Reproduce the listing exactly, keeping every word as it is.

**Study material**:

· · · ·

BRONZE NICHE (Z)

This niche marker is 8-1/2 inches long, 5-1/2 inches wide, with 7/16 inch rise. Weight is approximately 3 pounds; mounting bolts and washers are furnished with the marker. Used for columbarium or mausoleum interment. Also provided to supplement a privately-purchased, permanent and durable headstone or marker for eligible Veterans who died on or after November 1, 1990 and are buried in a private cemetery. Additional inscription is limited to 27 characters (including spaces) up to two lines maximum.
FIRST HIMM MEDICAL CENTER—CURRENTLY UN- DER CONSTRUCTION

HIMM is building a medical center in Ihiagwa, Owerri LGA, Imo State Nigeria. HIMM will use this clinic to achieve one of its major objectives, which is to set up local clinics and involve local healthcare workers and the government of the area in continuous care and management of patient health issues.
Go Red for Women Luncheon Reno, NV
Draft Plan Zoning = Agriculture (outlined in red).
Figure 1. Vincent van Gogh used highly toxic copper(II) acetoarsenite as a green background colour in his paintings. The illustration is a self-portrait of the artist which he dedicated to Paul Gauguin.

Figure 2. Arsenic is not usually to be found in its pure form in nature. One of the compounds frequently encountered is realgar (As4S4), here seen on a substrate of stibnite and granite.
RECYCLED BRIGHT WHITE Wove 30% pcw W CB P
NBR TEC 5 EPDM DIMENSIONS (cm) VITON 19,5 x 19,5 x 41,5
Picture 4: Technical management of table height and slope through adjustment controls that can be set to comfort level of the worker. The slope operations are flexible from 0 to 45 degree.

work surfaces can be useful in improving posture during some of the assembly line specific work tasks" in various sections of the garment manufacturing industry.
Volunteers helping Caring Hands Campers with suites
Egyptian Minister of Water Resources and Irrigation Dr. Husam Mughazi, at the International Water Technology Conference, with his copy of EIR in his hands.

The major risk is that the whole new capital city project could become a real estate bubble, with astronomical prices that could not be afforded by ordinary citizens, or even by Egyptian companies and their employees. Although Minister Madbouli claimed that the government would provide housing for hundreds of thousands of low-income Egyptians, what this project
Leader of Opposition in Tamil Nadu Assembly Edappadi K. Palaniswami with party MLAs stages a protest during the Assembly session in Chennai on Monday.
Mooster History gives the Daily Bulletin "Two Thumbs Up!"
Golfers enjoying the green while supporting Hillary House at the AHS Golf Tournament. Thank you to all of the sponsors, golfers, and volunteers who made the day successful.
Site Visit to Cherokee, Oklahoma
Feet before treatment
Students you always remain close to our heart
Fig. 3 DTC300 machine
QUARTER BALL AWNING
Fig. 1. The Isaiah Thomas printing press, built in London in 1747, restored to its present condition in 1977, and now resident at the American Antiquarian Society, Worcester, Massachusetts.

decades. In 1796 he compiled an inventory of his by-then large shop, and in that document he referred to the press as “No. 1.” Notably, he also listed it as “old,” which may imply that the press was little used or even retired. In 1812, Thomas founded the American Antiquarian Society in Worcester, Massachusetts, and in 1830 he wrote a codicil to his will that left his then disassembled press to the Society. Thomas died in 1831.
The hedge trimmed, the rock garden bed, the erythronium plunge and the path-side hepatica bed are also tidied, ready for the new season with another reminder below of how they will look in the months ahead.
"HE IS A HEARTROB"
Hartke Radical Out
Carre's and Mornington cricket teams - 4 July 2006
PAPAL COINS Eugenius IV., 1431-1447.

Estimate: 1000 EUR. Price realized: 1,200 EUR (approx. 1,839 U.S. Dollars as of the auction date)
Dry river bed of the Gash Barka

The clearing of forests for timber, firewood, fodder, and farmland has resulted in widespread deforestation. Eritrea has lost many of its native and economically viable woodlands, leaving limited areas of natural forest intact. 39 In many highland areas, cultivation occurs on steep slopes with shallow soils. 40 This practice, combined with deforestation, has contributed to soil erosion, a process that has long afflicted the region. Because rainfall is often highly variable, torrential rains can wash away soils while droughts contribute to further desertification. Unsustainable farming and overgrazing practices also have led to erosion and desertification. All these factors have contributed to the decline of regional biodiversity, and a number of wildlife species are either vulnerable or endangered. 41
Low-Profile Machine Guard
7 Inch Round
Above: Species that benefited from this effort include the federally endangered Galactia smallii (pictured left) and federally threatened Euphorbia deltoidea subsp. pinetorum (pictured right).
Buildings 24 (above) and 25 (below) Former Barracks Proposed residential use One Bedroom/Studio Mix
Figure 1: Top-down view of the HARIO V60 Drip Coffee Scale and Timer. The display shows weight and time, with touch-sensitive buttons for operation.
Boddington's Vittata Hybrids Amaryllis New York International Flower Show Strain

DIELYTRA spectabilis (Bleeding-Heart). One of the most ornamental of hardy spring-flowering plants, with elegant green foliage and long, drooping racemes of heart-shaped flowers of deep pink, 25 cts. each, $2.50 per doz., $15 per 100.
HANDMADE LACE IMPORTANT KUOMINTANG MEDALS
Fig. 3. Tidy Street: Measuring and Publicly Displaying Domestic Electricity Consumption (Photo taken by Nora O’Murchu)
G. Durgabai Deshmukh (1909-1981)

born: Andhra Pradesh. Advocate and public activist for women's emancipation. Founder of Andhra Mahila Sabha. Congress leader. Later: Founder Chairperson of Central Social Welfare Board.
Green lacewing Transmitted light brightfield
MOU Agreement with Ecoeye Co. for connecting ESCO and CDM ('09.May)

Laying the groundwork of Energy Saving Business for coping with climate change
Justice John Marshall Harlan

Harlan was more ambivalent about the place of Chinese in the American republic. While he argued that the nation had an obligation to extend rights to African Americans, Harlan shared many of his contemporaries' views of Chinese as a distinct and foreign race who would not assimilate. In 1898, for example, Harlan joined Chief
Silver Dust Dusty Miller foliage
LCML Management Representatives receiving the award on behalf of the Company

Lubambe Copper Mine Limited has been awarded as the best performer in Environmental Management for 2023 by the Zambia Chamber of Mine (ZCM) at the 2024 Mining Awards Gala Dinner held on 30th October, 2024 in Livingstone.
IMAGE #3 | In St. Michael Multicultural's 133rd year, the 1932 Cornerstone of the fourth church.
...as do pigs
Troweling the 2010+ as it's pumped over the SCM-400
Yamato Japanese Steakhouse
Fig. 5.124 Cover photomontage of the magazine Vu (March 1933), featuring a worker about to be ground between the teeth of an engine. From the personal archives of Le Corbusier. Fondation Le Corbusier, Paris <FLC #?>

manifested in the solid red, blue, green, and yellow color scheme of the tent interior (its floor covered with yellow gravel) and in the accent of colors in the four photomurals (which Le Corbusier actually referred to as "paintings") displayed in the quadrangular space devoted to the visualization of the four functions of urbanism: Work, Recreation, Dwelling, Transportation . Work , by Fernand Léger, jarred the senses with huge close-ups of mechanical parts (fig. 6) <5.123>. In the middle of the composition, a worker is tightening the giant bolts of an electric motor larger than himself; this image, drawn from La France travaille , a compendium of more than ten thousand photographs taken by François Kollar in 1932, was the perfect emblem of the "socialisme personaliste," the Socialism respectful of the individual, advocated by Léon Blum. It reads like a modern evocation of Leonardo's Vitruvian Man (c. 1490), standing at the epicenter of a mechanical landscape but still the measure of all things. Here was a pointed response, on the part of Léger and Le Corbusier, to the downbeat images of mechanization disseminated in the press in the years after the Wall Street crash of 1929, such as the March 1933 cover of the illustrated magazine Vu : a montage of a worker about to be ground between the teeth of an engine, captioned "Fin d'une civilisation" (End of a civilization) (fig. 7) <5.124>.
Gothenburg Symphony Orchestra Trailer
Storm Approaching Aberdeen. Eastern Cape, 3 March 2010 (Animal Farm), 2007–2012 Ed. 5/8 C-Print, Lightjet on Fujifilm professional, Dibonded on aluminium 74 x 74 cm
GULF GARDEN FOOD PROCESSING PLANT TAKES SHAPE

· · · ·

**Answer to this exercise**:
BRONZE NICHE (Z)

This niche marker is 8-1/2 inches long, 5-1/2 inches wide, with 7/16 inch rise. Weight is approximately 3 pounds; mounting bolts and washers are furnished with the marker. Used for columbarium or mausoleum interment. Also provided to supplement a privately-purchased, permanent and durable headstone or marker for eligible Veterans who died on or after November 1, 1990 and are buried in a private cemetery. Additional inscription is limited to 27 characters (including spaces) up to two lines maximum.
FIRST HIMM MEDICAL CENTER—CURRENTLY UN- DER CONSTRUCTION

HIMM is building a medical center in Ihiagwa, Owerri LGA, Imo State Nigeria. HIMM will use this clinic to achieve one of its major objectives, which is to set up local clinics and involve local healthcare workers and the government of the area in continuous care and management of patient health issues.
Go Red for Women Luncheon Reno, NV
Draft Plan Zoning = Agriculture (outlined in red).
Figure 1. Vincent van Gogh used highly toxic copper(II) acetoarsenite as a green background colour in his paintings. The illustration is a self-portrait of the artist which he dedicated to Paul Gauguin.

Figure 2. Arsenic is not usually to be found in its pure form in nature. One of the compounds frequently encountered is realgar (As4S4), here seen on a substrate of stibnite and granite.
RECYCLED BRIGHT WHITE Wove 30% pcw W CB P
NBR TEC 5 EPDM DIMENSIONS (cm) VITON 19,5 x 19,5 x 41,5
Picture 4: Technical management of table height and slope through adjustment controls that can be set to comfort level of the worker. The slope operations are flexible from 0 to 45 degree.

work surfaces can be useful in improving posture during some of the assembly line specific work tasks" in various sections of the garment manufacturing industry.
Volunteers helping Caring Hands Campers with suites
Egyptian Minister of Water Resources and Irrigation Dr. Husam Mughazi, at the International Water Technology Conference, with his copy of EIR in his hands.

The major risk is that the whole new capital city project could become a real estate bubble, with astronomical prices that could not be afforded by ordinary citizens, or even by Egyptian companies and their employees. Although Minister Madbouli claimed that the government would provide housing for hundreds of thousands of low-income Egyptians, what this project
Leader of Opposition in Tamil Nadu Assembly Edappadi K. Palaniswami with party MLAs stages a protest during the Assembly session in Chennai on Monday.
Mooster History gives the Daily Bulletin "Two Thumbs Up!"
Golfers enjoying the green while supporting Hillary House at the AHS Golf Tournament. Thank you to all of the sponsors, golfers, and volunteers who made the day successful.
Site Visit to Cherokee, Oklahoma
Feet before treatment
Students you always remain close to our heart
Fig. 3 DTC300 machine
QUARTER BALL AWNING
Fig. 1. The Isaiah Thomas printing press, built in London in 1747, restored to its present condition in 1977, and now resident at the American Antiquarian Society, Worcester, Massachusetts.

decades. In 1796 he compiled an inventory of his by-then large shop, and in that document he referred to the press as “No. 1.” Notably, he also listed it as “old,” which may imply that the press was little used or even retired. In 1812, Thomas founded the American Antiquarian Society in Worcester, Massachusetts, and in 1830 he wrote a codicil to his will that left his then disassembled press to the Society. Thomas died in 1831.
The hedge trimmed, the rock garden bed, the erythronium plunge and the path-side hepatica bed are also tidied, ready for the new season with another reminder below of how they will look in the months ahead.
"HE IS A HEARTROB"
Hartke Radical Out
Carre's and Mornington cricket teams - 4 July 2006
PAPAL COINS Eugenius IV., 1431-1447.

Estimate: 1000 EUR. Price realized: 1,200 EUR (approx. 1,839 U.S. Dollars as of the auction date)
Dry river bed of the Gash Barka

The clearing of forests for timber, firewood, fodder, and farmland has resulted in widespread deforestation. Eritrea has lost many of its native and economically viable woodlands, leaving limited areas of natural forest intact. 39 In many highland areas, cultivation occurs on steep slopes with shallow soils. 40 This practice, combined with deforestation, has contributed to soil erosion, a process that has long afflicted the region. Because rainfall is often highly variable, torrential rains can wash away soils while droughts contribute to further desertification. Unsustainable farming and overgrazing practices also have led to erosion and desertification. All these factors have contributed to the decline of regional biodiversity, and a number of wildlife species are either vulnerable or endangered. 41
Low-Profile Machine Guard
7 Inch Round
Above: Species that benefited from this effort include the federally endangered Galactia smallii (pictured left) and federally threatened Euphorbia deltoidea subsp. pinetorum (pictured right).
Buildings 24 (above) and 25 (below) Former Barracks Proposed residential use One Bedroom/Studio Mix
Figure 1: Top-down view of the HARIO V60 Drip Coffee Scale and Timer. The display shows weight and time, with touch-sensitive buttons for operation.
Boddington's Vittata Hybrids Amaryllis New York International Flower Show Strain

DIELYTRA spectabilis (Bleeding-Heart). One of the most ornamental of hardy spring-flowering plants, with elegant green foliage and long, drooping racemes of heart-shaped flowers of deep pink, 25 cts. each, $2.50 per doz., $15 per 100.
HANDMADE LACE IMPORTANT KUOMINTANG MEDALS
Fig. 3. Tidy Street: Measuring and Publicly Displaying Domestic Electricity Consumption (Photo taken by Nora O’Murchu)
G. Durgabai Deshmukh (1909-1981)

born: Andhra Pradesh. Advocate and public activist for women's emancipation. Founder of Andhra Mahila Sabha. Congress leader. Later: Founder Chairperson of Central Social Welfare Board.
Green lacewing Transmitted light brightfield
MOU Agreement with Ecoeye Co. for connecting ESCO and CDM ('09.May)

Laying the groundwork of Energy Saving Business for coping with climate change
Justice John Marshall Harlan

Harlan was more ambivalent about the place of Chinese in the American republic. While he argued that the nation had an obligation to extend rights to African Americans, Harlan shared many of his contemporaries' views of Chinese as a distinct and foreign race who would not assimilate. In 1898, for example, Harlan joined Chief
Silver Dust Dusty Miller foliage
LCML Management Representatives receiving the award on behalf of the Company

Lubambe Copper Mine Limited has been awarded as the best performer in Environmental Management for 2023 by the Zambia Chamber of Mine (ZCM) at the 2024 Mining Awards Gala Dinner held on 30th October, 2024 in Livingstone.
IMAGE #3 | In St. Michael Multicultural's 133rd year, the 1932 Cornerstone of the fourth church.
...as do pigs
Troweling the 2010+ as it's pumped over the SCM-400
Yamato Japanese Steakhouse
Fig. 5.124 Cover photomontage of the magazine Vu (March 1933), featuring a worker about to be ground between the teeth of an engine. From the personal archives of Le Corbusier. Fondation Le Corbusier, Paris <FLC #?>

manifested in the solid red, blue, green, and yellow color scheme of the tent interior (its floor covered with yellow gravel) and in the accent of colors in the four photomurals (which Le Corbusier actually referred to as "paintings") displayed in the quadrangular space devoted to the visualization of the four functions of urbanism: Work, Recreation, Dwelling, Transportation . Work , by Fernand Léger, jarred the senses with huge close-ups of mechanical parts (fig. 6) <5.123>. In the middle of the composition, a worker is tightening the giant bolts of an electric motor larger than himself; this image, drawn from La France travaille , a compendium of more than ten thousand photographs taken by François Kollar in 1932, was the perfect emblem of the "socialisme personaliste," the Socialism respectful of the individual, advocated by Léon Blum. It reads like a modern evocation of Leonardo's Vitruvian Man (c. 1490), standing at the epicenter of a mechanical landscape but still the measure of all things. Here was a pointed response, on the part of Léger and Le Corbusier, to the downbeat images of mechanization disseminated in the press in the years after the Wall Street crash of 1929, such as the March 1933 cover of the illustrated magazine Vu : a montage of a worker about to be ground between the teeth of an engine, captioned "Fin d'une civilisation" (End of a civilization) (fig. 7) <5.124>.
Gothenburg Symphony Orchestra Trailer
Storm Approaching Aberdeen. Eastern Cape, 3 March 2010 (Animal Farm), 2007–2012 Ed. 5/8 C-Print, Lightjet on Fujifilm professional, Dibonded on aluminium 74 x 74 cm
GULF GARDEN FOOD PROCESSING PLANT TAKES SHAPE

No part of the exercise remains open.